If you do not configure a CA for revocation when you create it, you can configure revocation later. Any certificate version or CA version that you revoke before you configure revocation, which includes the corresponding publication of a CRL, is published to the CRL when the CRL becomes available.

In a CRL, the revocation status includes a reason for the revocation, and the revocation status for a CA and its certificates do not need to match. Revocation statuses can include:

  • UNSPECIFIED. No specific reason. (Although you can revoke a certificate without specifying why, the practice is not recommended.)
  • KEY_COMPROMISE. Suspected or actual compromise of the private key corresponding to the public key in the certificate. For example, the device that stores the private key is lost or stolen. (This reason is used for end entity certificates.)
  • CA_COMPROMISE. Suspected or actual compromise of a CA or the private key corresponding to the public key in the CA certificate. Again, for example, the device that stores the private key is lost or stolen.
  • AFFILIATION_CHANGED. Certificate subject information or other certificate details changed because an individual left the organization specified in the Distinguished Name attribute of the certificate.
  • SUPERSEDED. A replacement certificate has been issued that supersedes the revoked certificate, and the reason is not one of the other revocation reasons.
  • CESSATION_OF_OPERATION. The CA is ceasing operation and no longer publishing CRLs for currently issued certificates.
  • PRIVILEGE_WITHDRAWN. The certificate holder no longer has the privileges required to continue using the certificate.
  • AA_COMPROMISE. Suspected or actual compromise of the authentication authority (AA) validated in the certificate.

To validate a certificate, clients of a certificate get the .crl file hosted at the endpoint named in the certificate as the CRL distribution point (CDP). Then, they check whether the file lists the serial number of the certificate. Any certificate included in the CRL is rejected as invalid.

You need to have a unique, dedicated Oracle Cloud Infrastructure Object Storage bucket where you can store the CRL before you create a CA or before you configure a CA for revocation. If the service cannot publish a CRL to Object Storage after several attempts, the next attempt to publish the CRL happens when the next certificate is revoked.

CRLs are published with a validity period of seven days and are refreshed every three days, before they expire, or whenever a certificate is revoked. A CA can refresh a CRL as long as the CA lifecycle state is 'Active'.

You hold responsibility for hosting the CDP at an endpoint that clients can reach. The service does not validate CDP endpoints. The CDP of a certificate is included in the certificate and in the certificate of the issuing CA. You can have an HTTPS address as the CDP only if you can guarantee that there are no circular dependencies in the verification of the HTTPS chain.

Updating the details of the CRL, including the Object Storage bucket where it is stored or the URL of the CDP, does not automatically update the certificate of the current CA version. If you want to issue a new certificate to reflect a new CDP, then you must create a new CA version.
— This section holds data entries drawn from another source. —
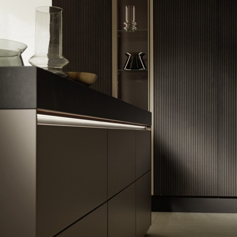 The neoLodge’s matte lacquered veneer goes around the edges for a uniform look. Its MatrixArt One option gives you a single handle trim profile below the worktop, which can be illuminated for that dramatic touch. And you can combine with the MatrixZero for push-to-open fronts that make your kitchen as easy to use as it is beautiful to look at.
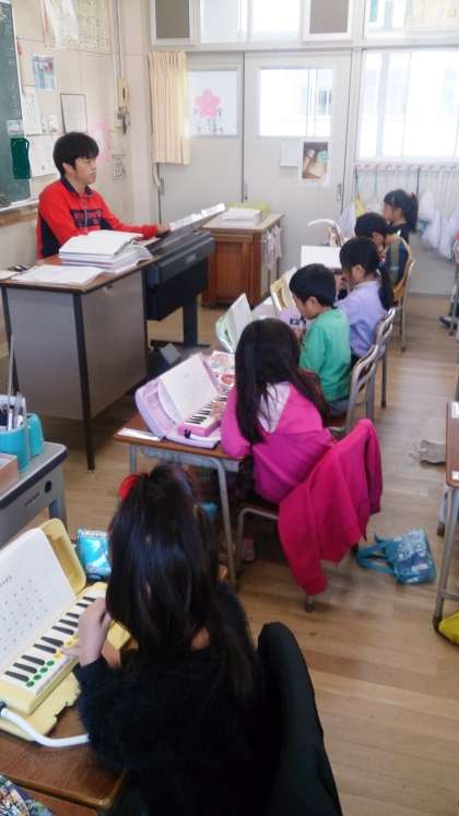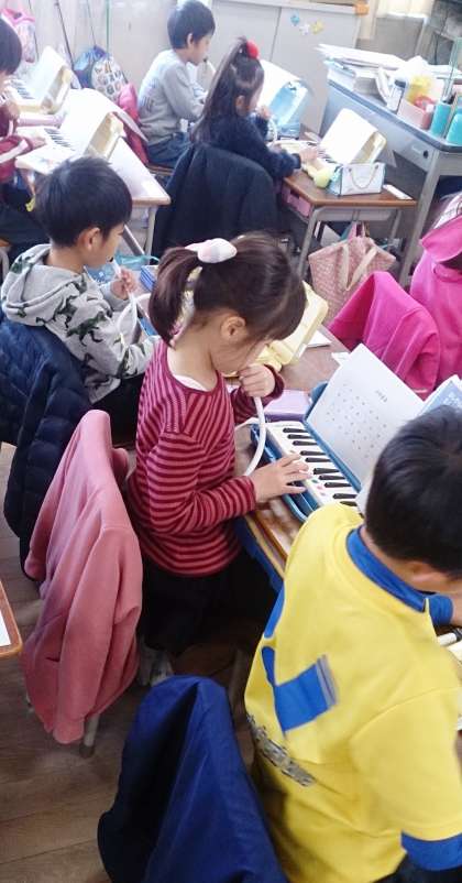 1年生の音楽で、鍵盤ハーモニカの演奏に取り組んでいます。1音1音を指使いに気をつけて演奏しています。
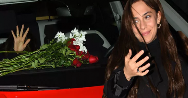 Daha sonra mekandan ayrılan oyuncu eliyle yüzünü kapatarak aracına bindi. Aracın torpido gözünün üstündeki çiçeklerin kimden geldiği merak konusu oldu.
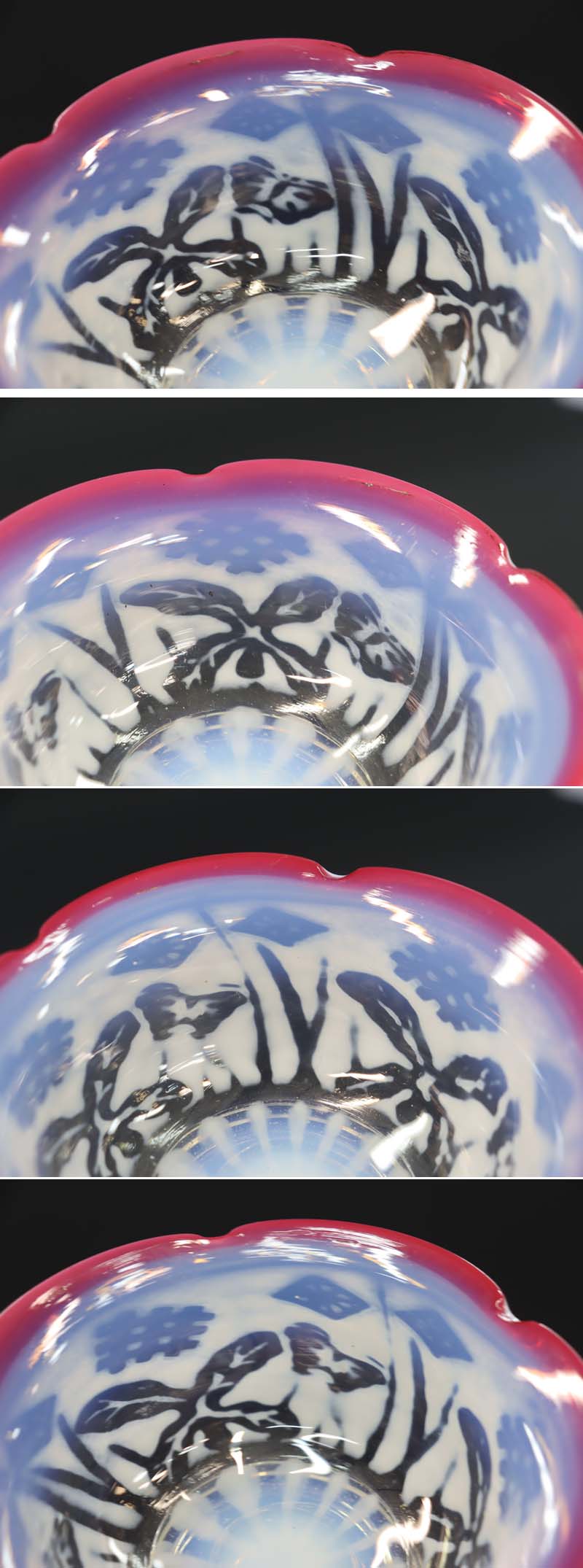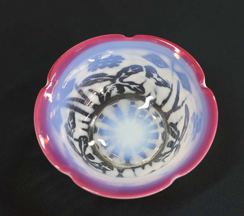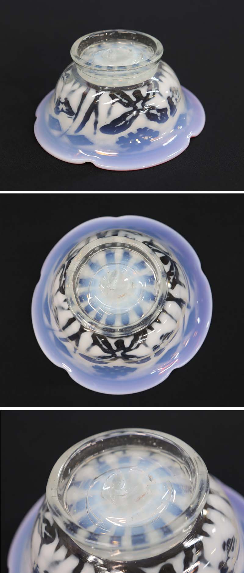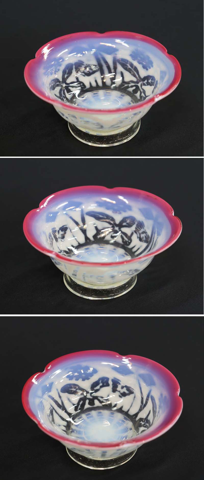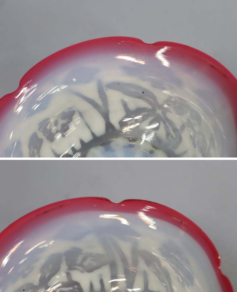 即決■ 大正ガラス ② 輪花形赤縁 乳白透かし菖蒲蝶文小鉢 径11.3cm 氷コップ 和ガラス 收藏
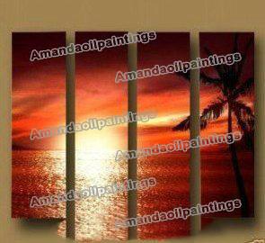 Sea & Sun Background With A Tree Canvas Modern Oil Paintings |
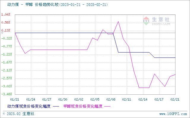 生意社煤炭/动力煤(上游原料)-甲醇价格走势比较图:
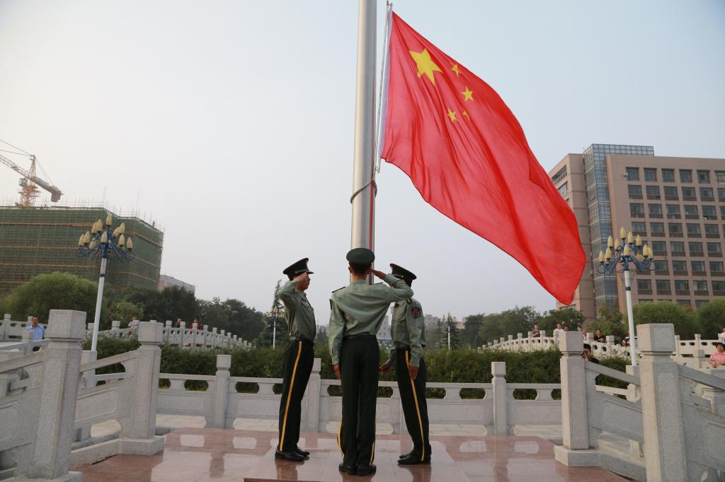 清晨7時(shí)整,圖書(shū)館南廣場(chǎng)莊嚴(yán)肅穆,一千多名大學(xué)生和老師肅立于此,隨著激昂的《義勇軍進(jìn)行曲》奏響,升旗手振臂一揮,鮮艷的五星紅旗迎風(fēng)展開(kāi),全場(chǎng)師生莊重地行注目禮,同時(shí)共唱國(guó)歌。五星紅旗在雄壯的國(guó)歌聲中迎著朝陽(yáng)冉冉升起,飄揚(yáng)在蔚藍(lán)的天空……
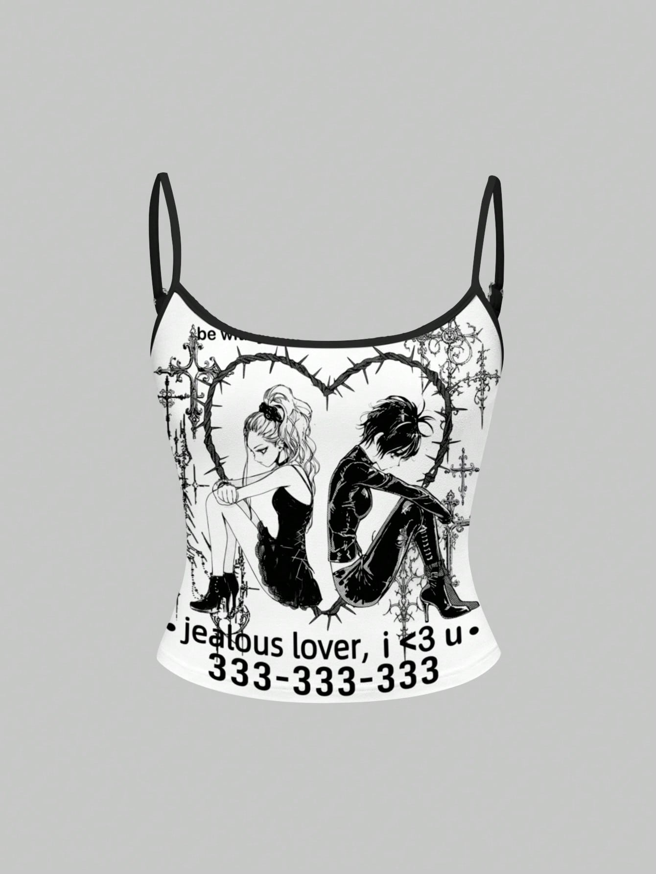 Anime Canotta da donna stile punk Y2K, stampa integrale in bianco e nero, stile baddie punk vintage
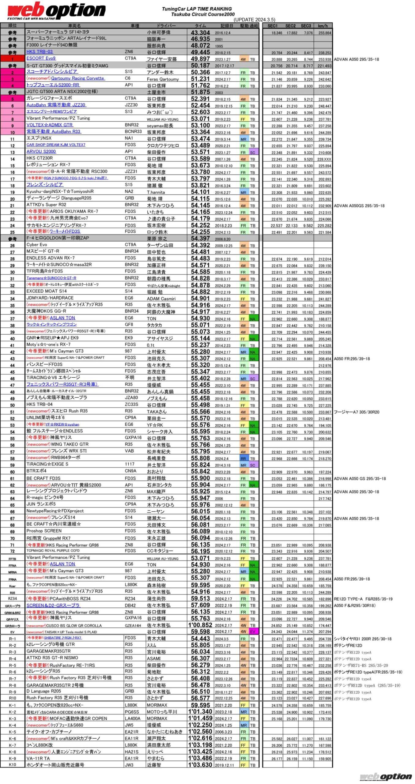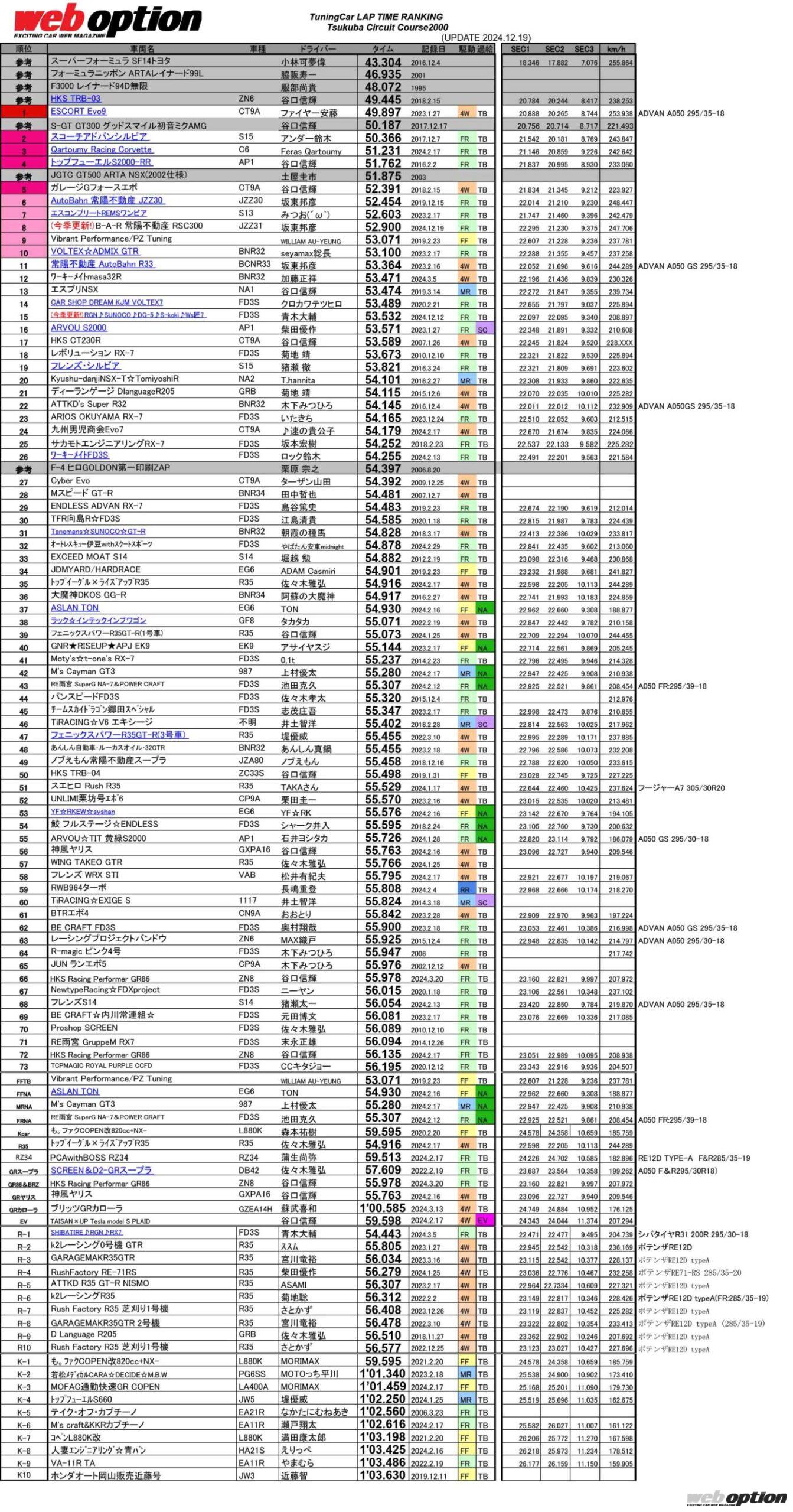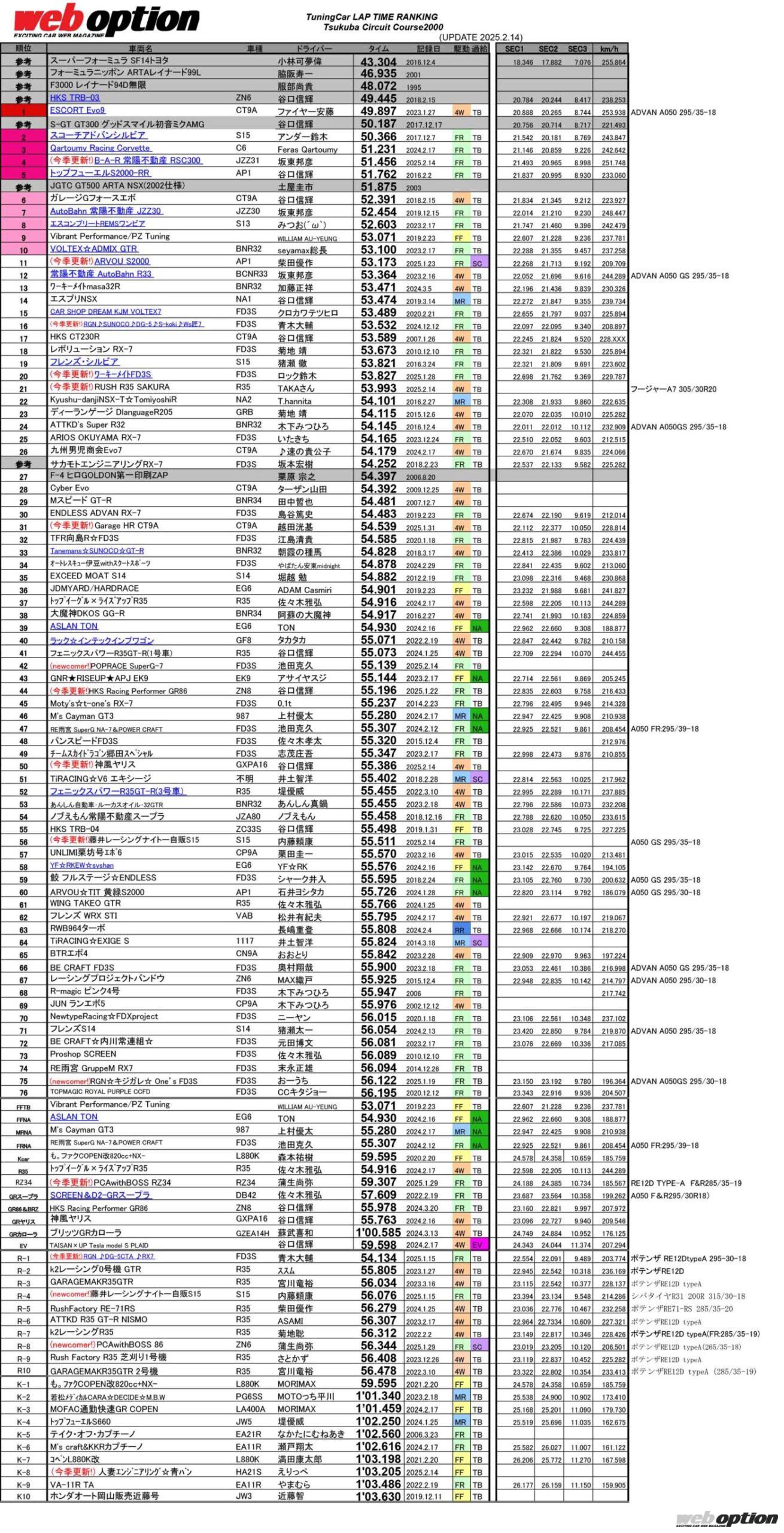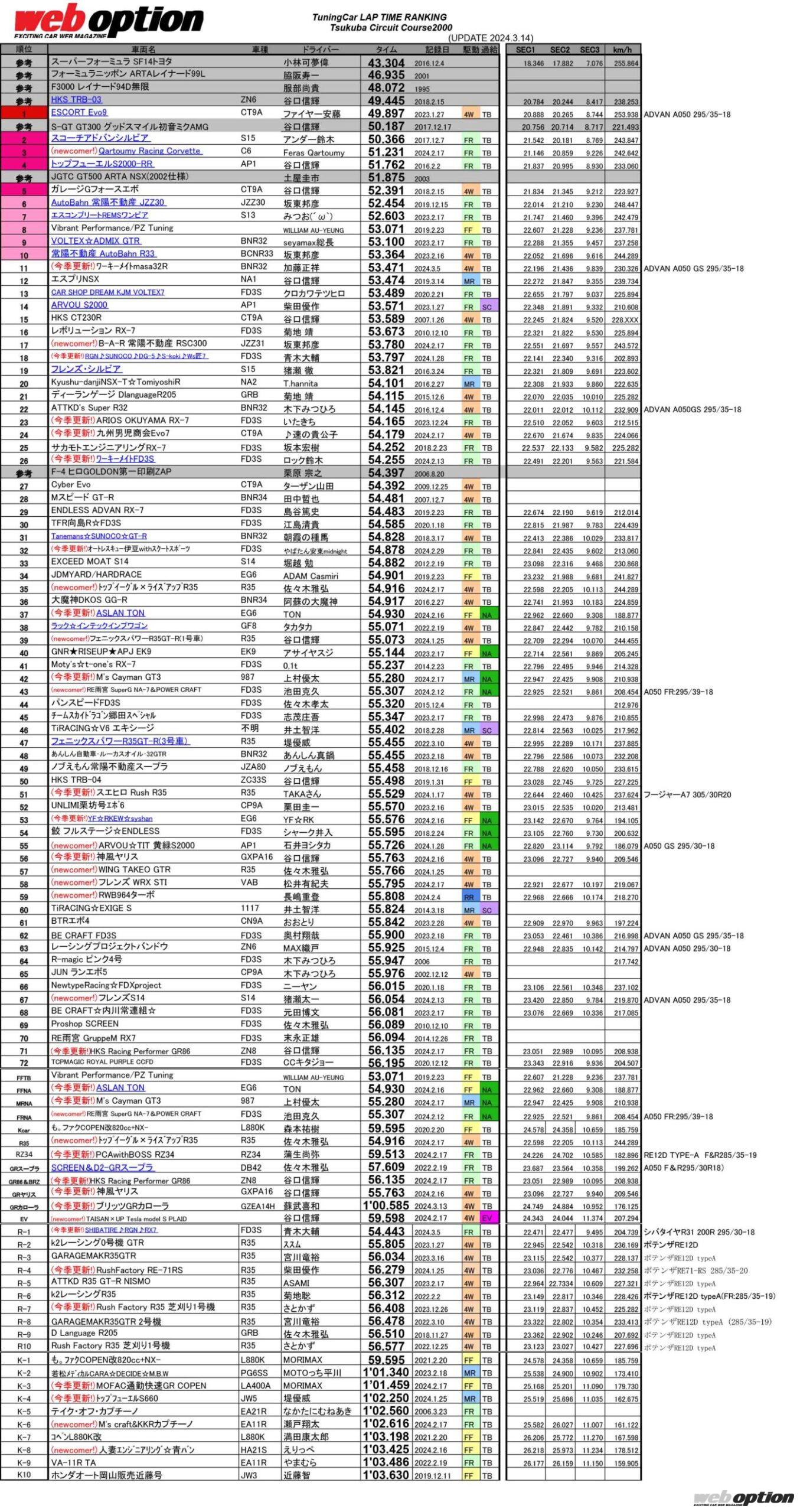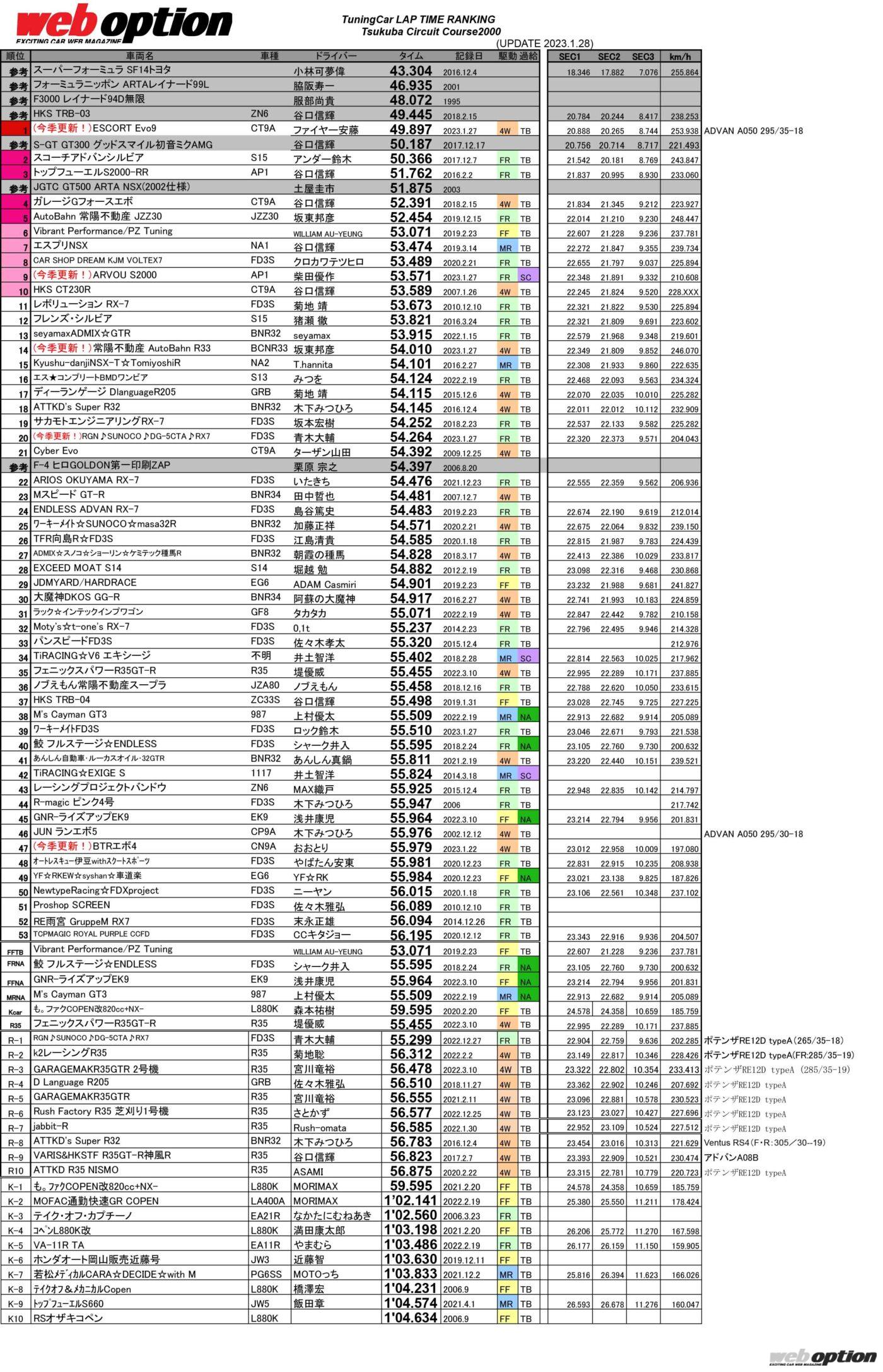 UNLIMITEDWORKS走行会の結果を反映しました

Revoking a certificate puts the resource's lifecycle state into 'Updating' until the CRL is successfully published to the Object Storage bucket, if the issuing CA is configured to publish a CRL. A revoked CA remains in an 'Active' state because you can still renew the CA. Only the CA version is revoked. Furthermore, revocation of a CA does not affect the revocation status of a subordinate CA or the certificates the CA has issued. Oracle recommends that you revoke every descendant in the hierarchy if an issuing CA is compromised.